AVAILABLE RECORDS
================
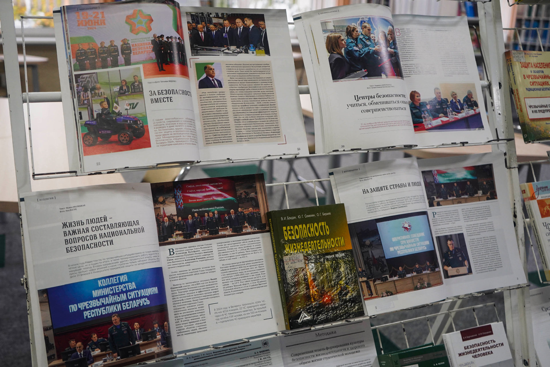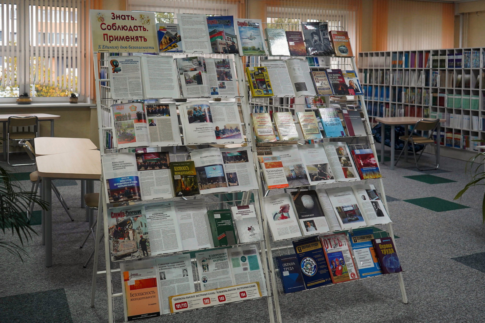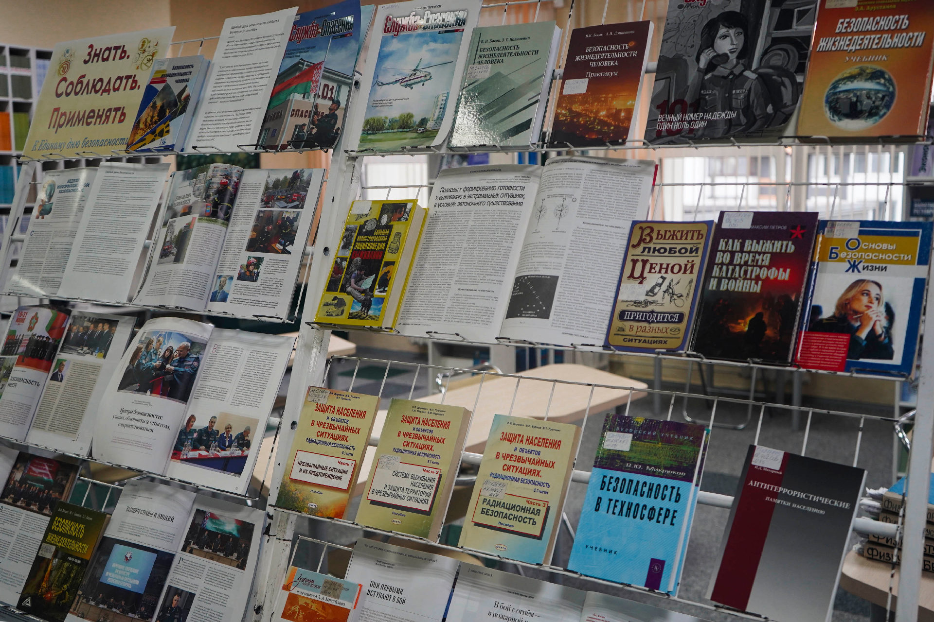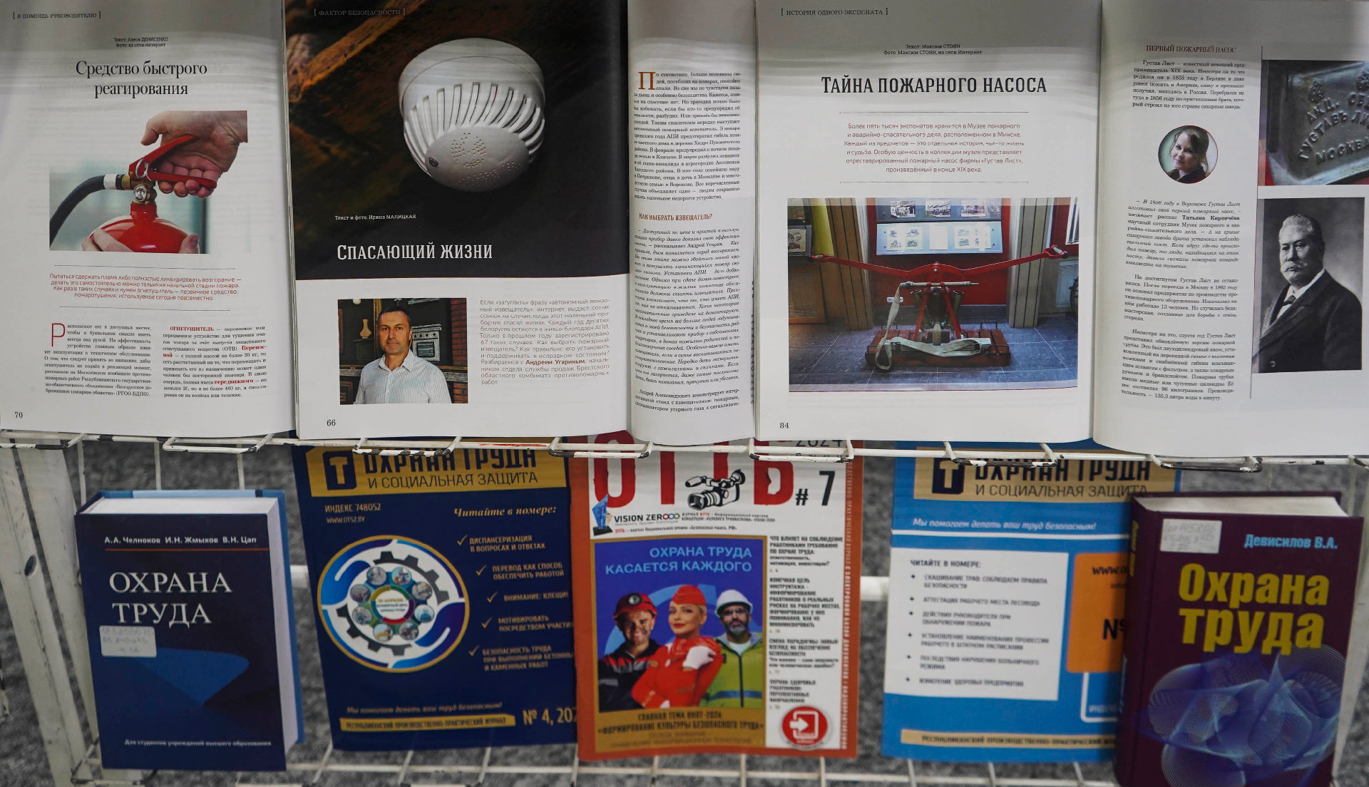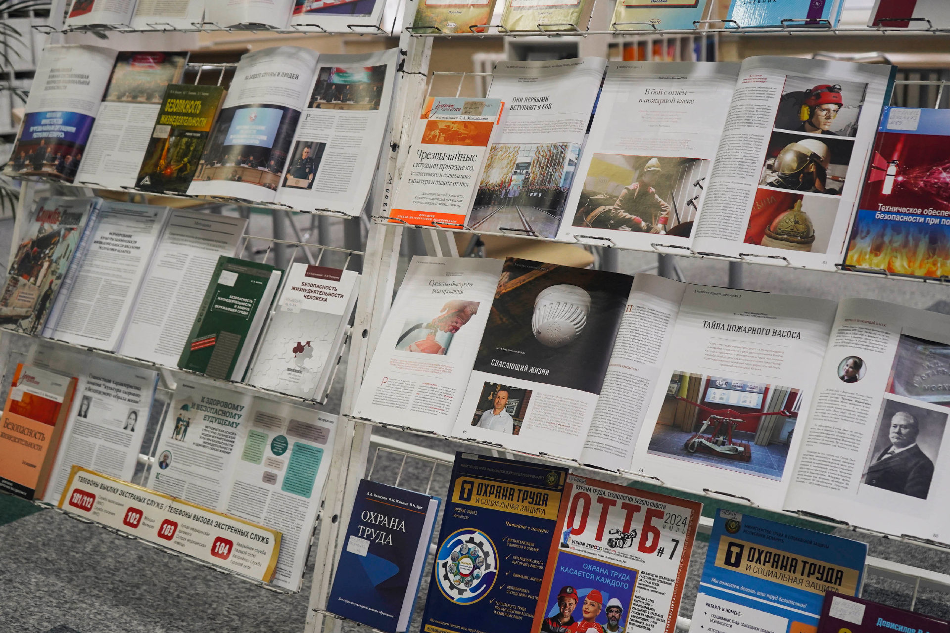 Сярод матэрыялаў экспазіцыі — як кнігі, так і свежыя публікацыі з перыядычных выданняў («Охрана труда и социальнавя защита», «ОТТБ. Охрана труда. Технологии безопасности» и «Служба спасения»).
================
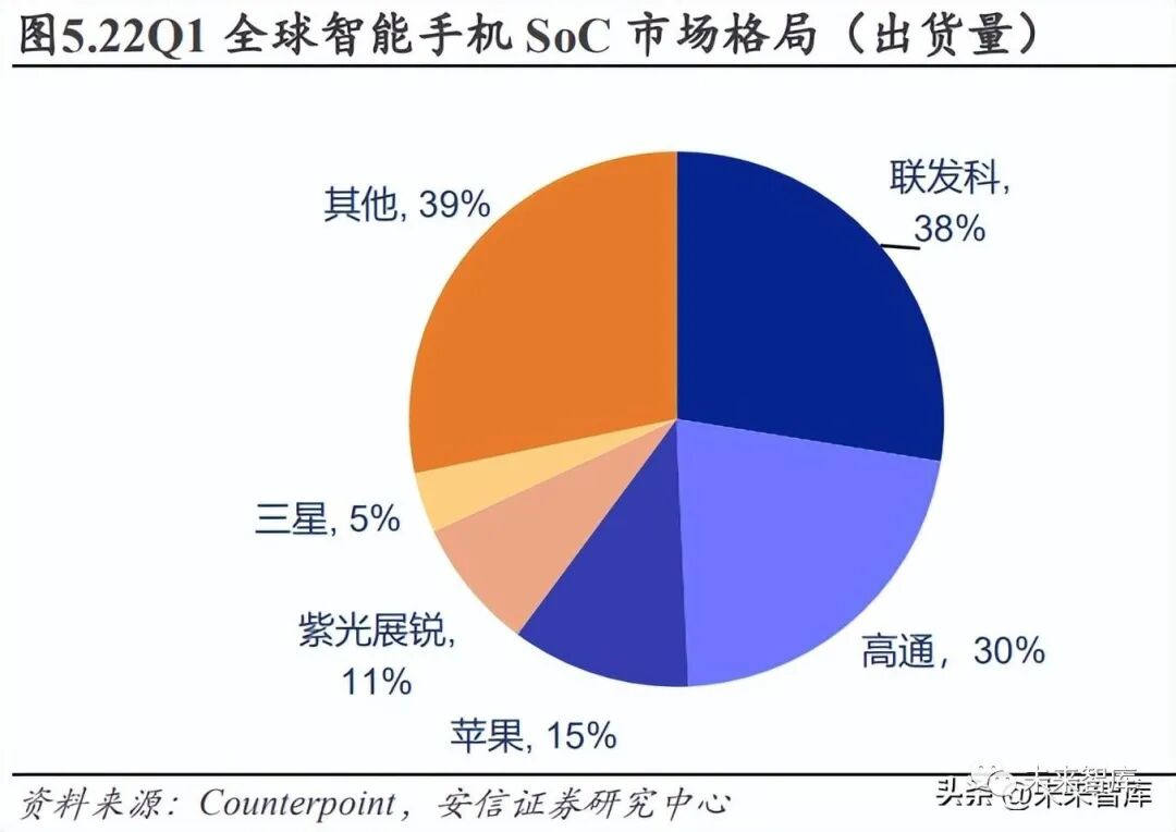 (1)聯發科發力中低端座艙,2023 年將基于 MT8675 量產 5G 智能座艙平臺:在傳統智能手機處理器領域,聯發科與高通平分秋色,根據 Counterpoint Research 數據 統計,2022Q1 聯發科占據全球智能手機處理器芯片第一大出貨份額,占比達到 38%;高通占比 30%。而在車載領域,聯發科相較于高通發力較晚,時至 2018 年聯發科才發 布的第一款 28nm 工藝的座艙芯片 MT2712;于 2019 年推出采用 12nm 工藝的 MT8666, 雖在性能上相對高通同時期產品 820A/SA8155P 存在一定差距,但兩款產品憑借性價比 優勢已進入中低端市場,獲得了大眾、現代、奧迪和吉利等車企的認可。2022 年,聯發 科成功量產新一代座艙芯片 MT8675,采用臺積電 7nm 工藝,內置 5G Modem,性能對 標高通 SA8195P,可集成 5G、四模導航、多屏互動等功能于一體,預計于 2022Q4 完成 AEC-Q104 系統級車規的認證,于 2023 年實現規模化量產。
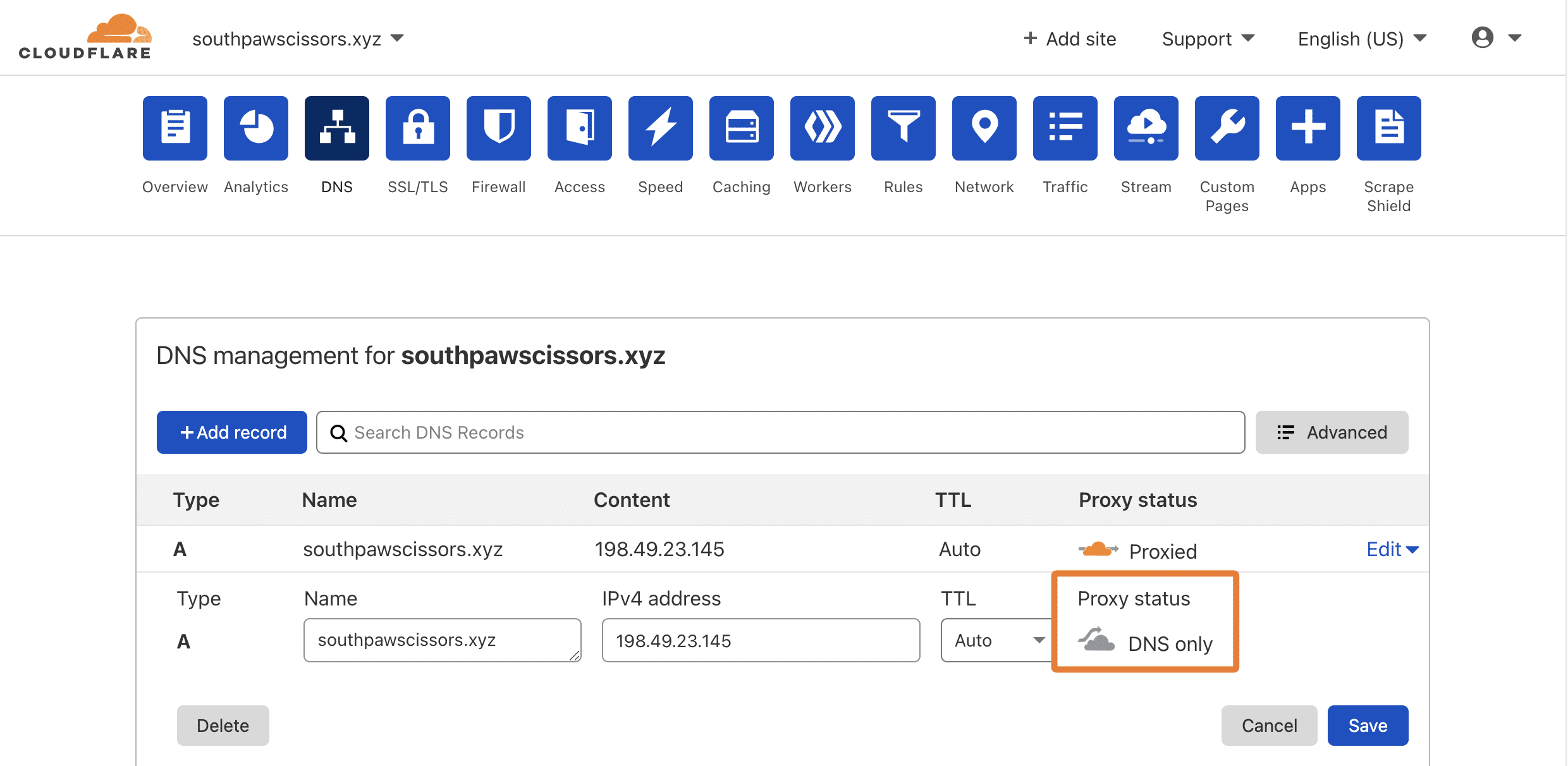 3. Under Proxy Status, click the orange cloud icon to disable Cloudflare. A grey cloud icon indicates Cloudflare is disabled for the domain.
================
WHAT YOU ARE ASKED TO DO
For the data above, set down exactly the lines from the line with "(1)聯發科發力中低端座艙,2023 年將基于 MT8675" to the line with "3. Under Proxy", both included, leaving pictures out.

ANSWER TO THE EXERCISE
 (1)聯發科發力中低端座艙,2023 年將基于 MT8675 量產 5G 智能座艙平臺:在傳統智能手機處理器領域,聯發科與高通平分秋色,根據 Counterpoint Research 數據 統計,2022Q1 聯發科占據全球智能手機處理器芯片第一大出貨份額,占比達到 38%;高通占比 30%。而在車載領域,聯發科相較于高通發力較晚,時至 2018 年聯發科才發 布的第一款 28nm 工藝的座艙芯片 MT2712;于 2019 年推出采用 12nm 工藝的 MT8666, 雖在性能上相對高通同時期產品 820A/SA8155P 存在一定差距,但兩款產品憑借性價比 優勢已進入中低端市場,獲得了大眾、現代、奧迪和吉利等車企的認可。2022 年,聯發 科成功量產新一代座艙芯片 MT8675,采用臺積電 7nm 工藝,內置 5G Modem,性能對 標高通 SA8195P,可集成 5G、四模導航、多屏互動等功能于一體,預計于 2022Q4 完成 AEC-Q104 系統級車規的認證,于 2023 年實現規模化量產。
 3. Under Proxy Status, click the orange cloud icon to disable Cloudflare. A grey cloud icon indicates Cloudflare is disabled for the domain.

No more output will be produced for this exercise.